Her cries aren’t blind panic. They’re shaped. They’re directed. They’re echoes of the hands that grabbed her, the room she was dragged into, the fear that carved itself into her bones. She’s reliving it, every second, every breath, every shadow.

I hold her tighter, one hand cradling the back of her head, the other gripping her waist, keeping her anchored to me. “You’re safe,” I murmur, voice steady even as my chest twists. “You’re safe. I’ve got you.”

She fights harder.

Her fingers dig into my shirt, nails scraping my skin through the fabric. She’s shaking so badly I can barely keep her still. Her breath comes in broken gasps, the kind that only happen when memory is ripping someone apart from the inside.

Then her eyes shoot open.

She looks at me like she doesn’t know where she is, like she’s still trapped in that room, like she’s still being held down. Panic carves itself across her face, raw and sharp, her chest heaving as she tries to pull away.

“Mara,” I whisper, tightening my hold. “Look at me.”

She does. Barely. Her eyes flicker, wild, terrified.

Then she smells me.

I watch the exact moment recognition hits her. Her muscles loosen. Her breathing slows. Her eyes soften. Her hands stop shaking.

My scent washes over her, grounding her, pulling her out of the memory and back into the present. She clings to me, fingers curling into my shirt, not out of fear now but out of relief. Out of need.

She remembers. All of it. And she’s still reaching for me.

I brush my thumb along her cheek, wiping away the tears she hasn’t realized she shed. “You’re safe,” I whisper. “You’re here. No one is going to hurt you. Not while I’m breathing.”

Her breath catches, her forehead pressing into my chest as she tries to steady herself. She’s trembling, but she’s here. She’s awake. She’s with me.

She remembers. And she still chose me.

I hold her until her breathing evens out, until her fingers loosen, until the panic fades into exhaustion. She stays pressed against me, small and shaking, but present.

“I remember.”

Her voice is barely there, a fragile whisper pressed against my chest, but it hits me harder than any blow I’ve ever taken. My entire body goes still. A cold dread crawls up my spine, slow and merciless. She remembers. She remembers everything. And I don’t know if she’ll ever be the same again.

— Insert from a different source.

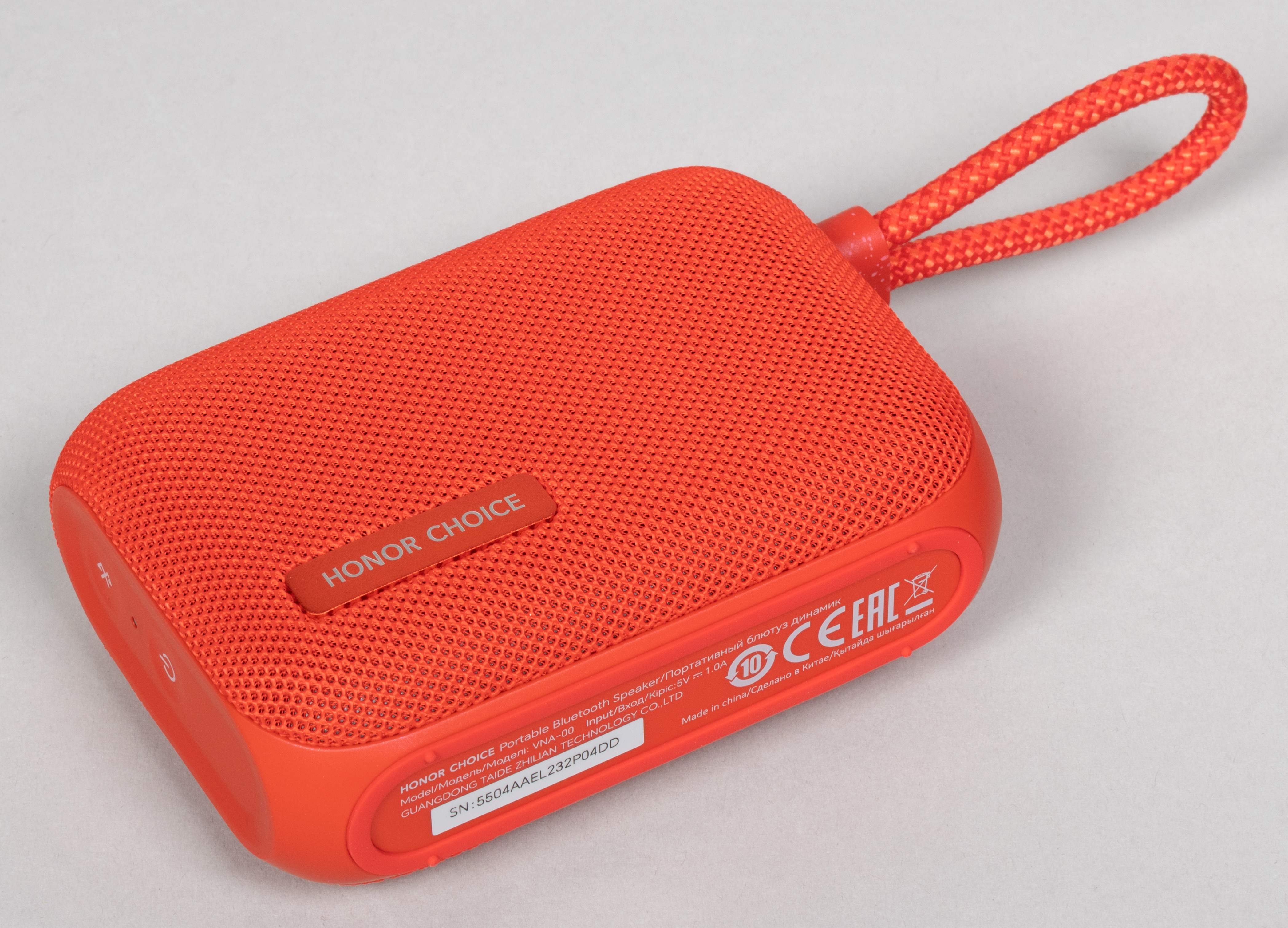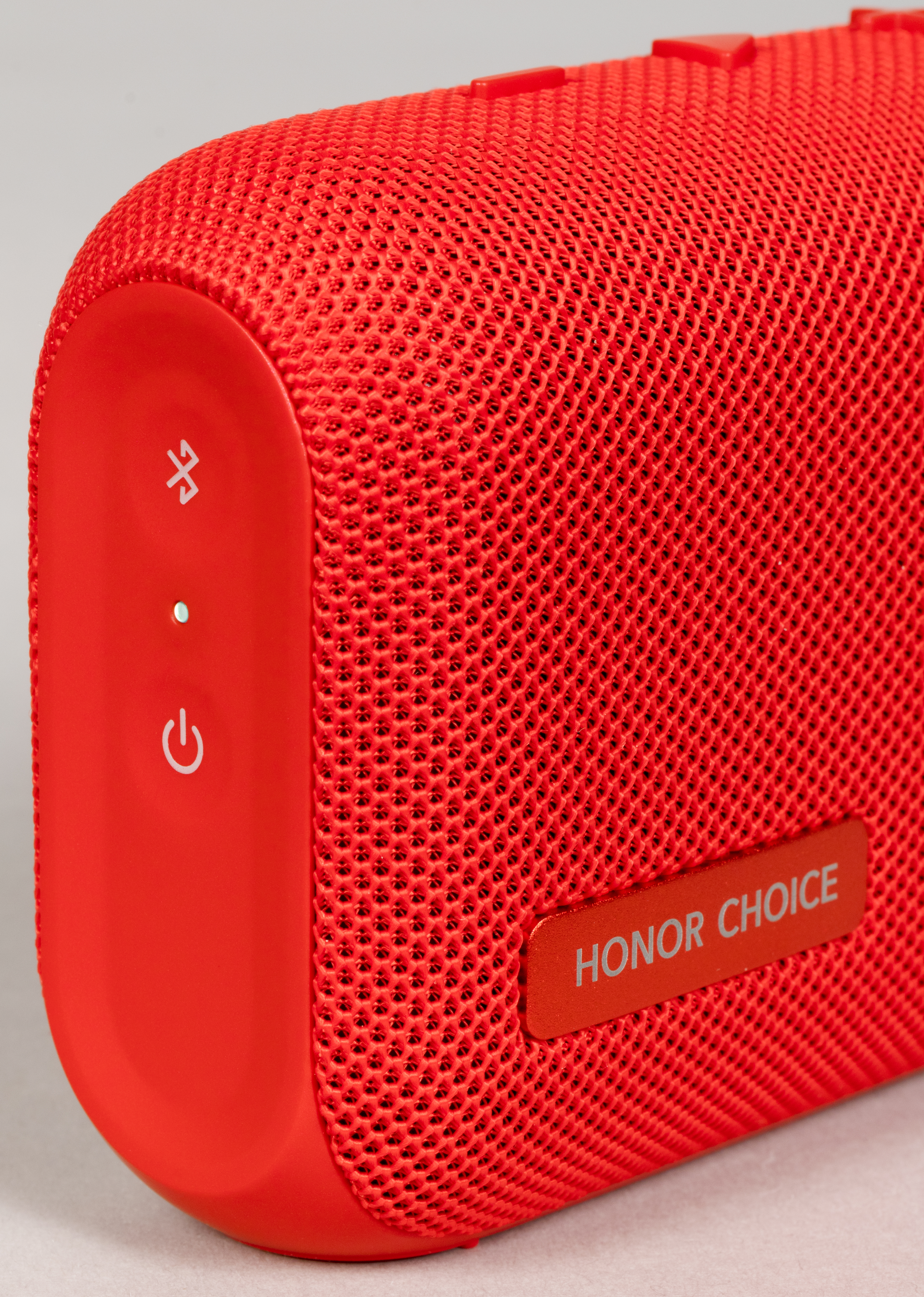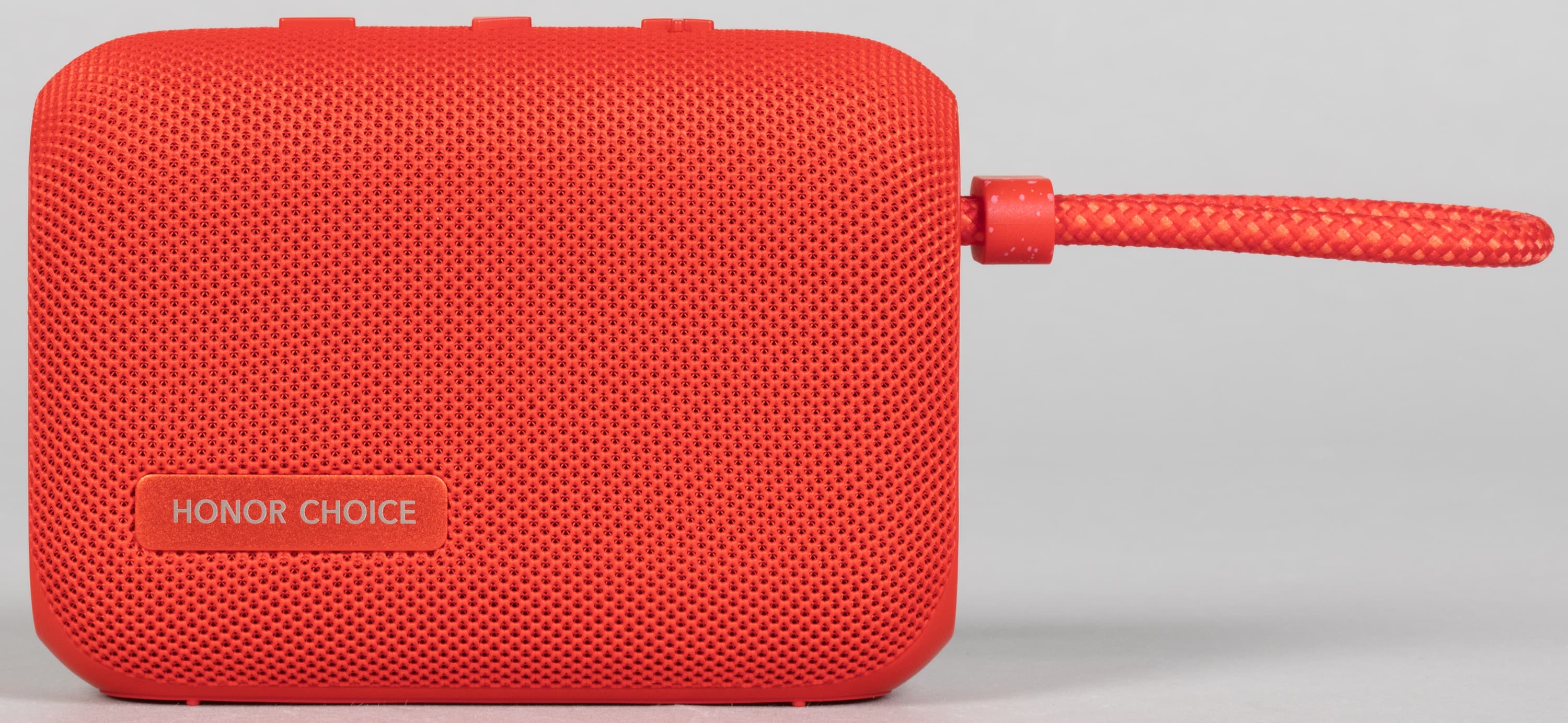 Колонка совсем-совсем компактная — 105×78×43 мм. Благодаря корпусу без острых углов она неплохо размещается даже в кармане брюк, не говоря уж про сумки или рюкзаки. Honor Choice MusicBox M1 доступна в двух цветах — красном и черном. У нас на тестировании был более яркий и заметный первый вариант.

Her breath trembles against my skin. I tighten my hold around her, trying to steady her, trying to steady myself. She remembers. The room. The hands. The terror. The betrayal. The moment she broke. The moment I found her.

I open my mouth to speak, to say something, anything, but my phone lights up on the nightstand.

A single text.

From the number I’ve been waiting for, dreading, hunting.

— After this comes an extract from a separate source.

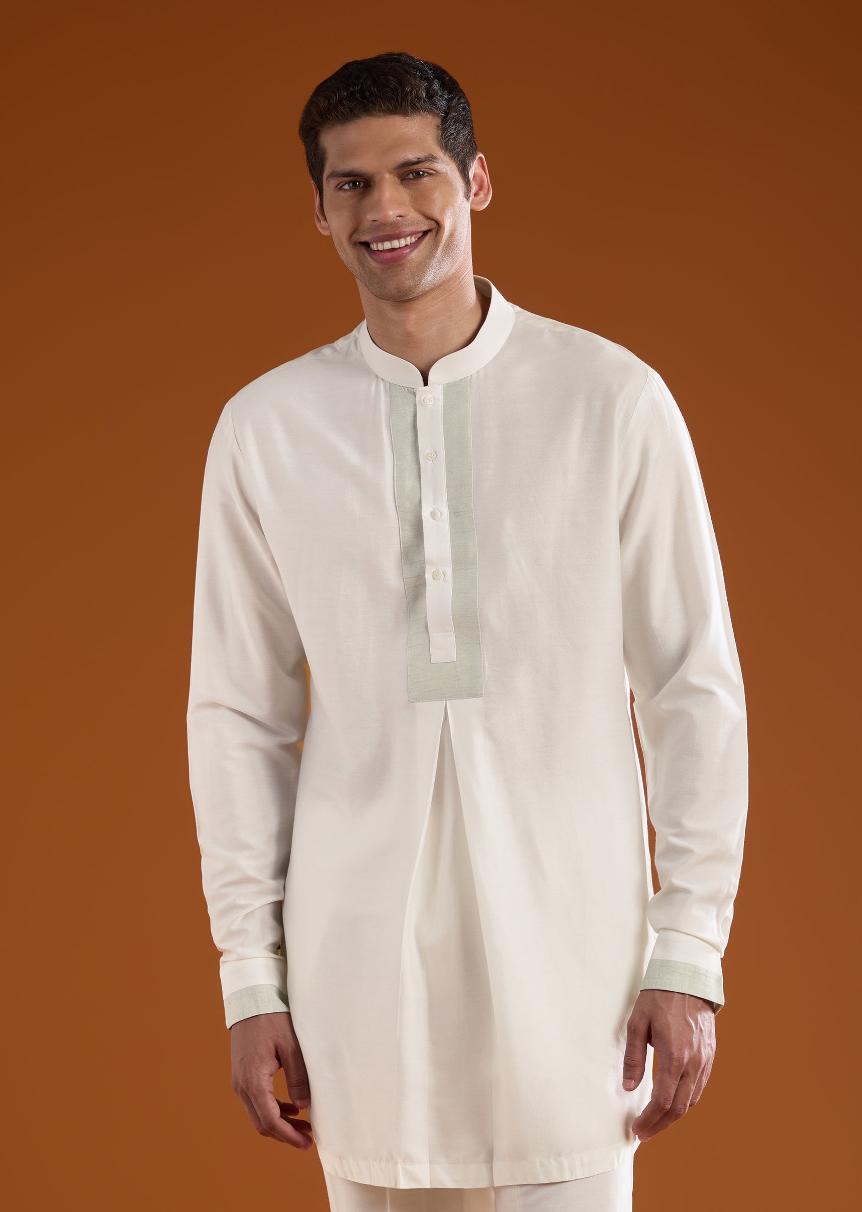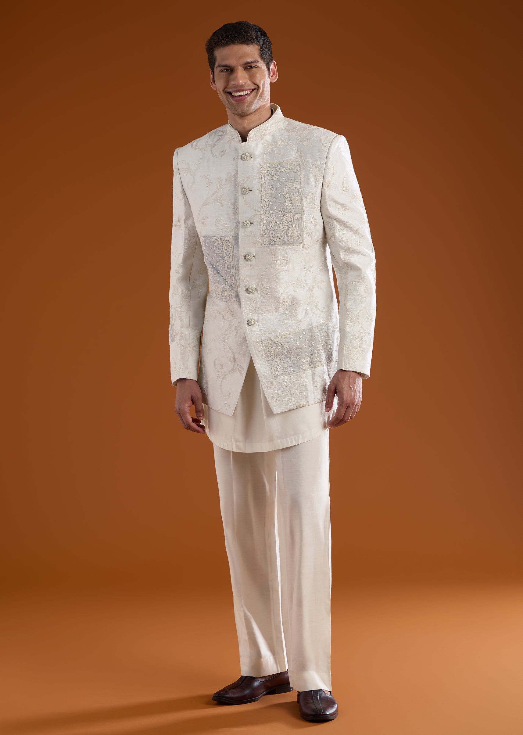 Ivory Rawsilk Indowestern Kurta Set with Dori Embroidery

I reach for it slowly, careful not to jostle her. The screen glows in the dark.

Unknown: We know, and we’re coming for her.You can’t save her this time.She’s coming home, where she belongs.

My blood turns to ice.

Home.

Where she belongs.

The words twist like a knife.

I stare at the message, my pulse pounding in my ears. They know she remembers. They know she’s awake. They know she’s mine. And they think they can take her back. They think they can drag her into that nightmare again. They think they can undo everything I’ve done to keep her safe.

She shifts in my arms, still trembling, still fragile, still trying to breathe through the memory that shattered her. I pull her closer, burying her against me, shielding her from a threat she doesn’t know is already at our door.

“I’ve got you,” I whisper into her hair, voice steady even as my chest tightens. “I’m not letting anyone take you.”

She doesn’t speak. She just clings to me, fingers curling into my shirt, her breath warm against my throat. She remembers. And she’s terrified. And she’s here. And she’s mine.

I look at the message again.

They’re coming.

Let them.

I tighten my hold around her, my jaw set, my pulse steadying into something cold and lethal.

They think they know what I’ll do.They think they know how far I’ll go.They think they know what she means to me.

They don’t.

I press a kiss to her forehead, slow and deliberate, my eyes never leaving the glowing screen.

If they want her back, they’ll have to go through me.

And I will burn their entire world before I let them touch her again.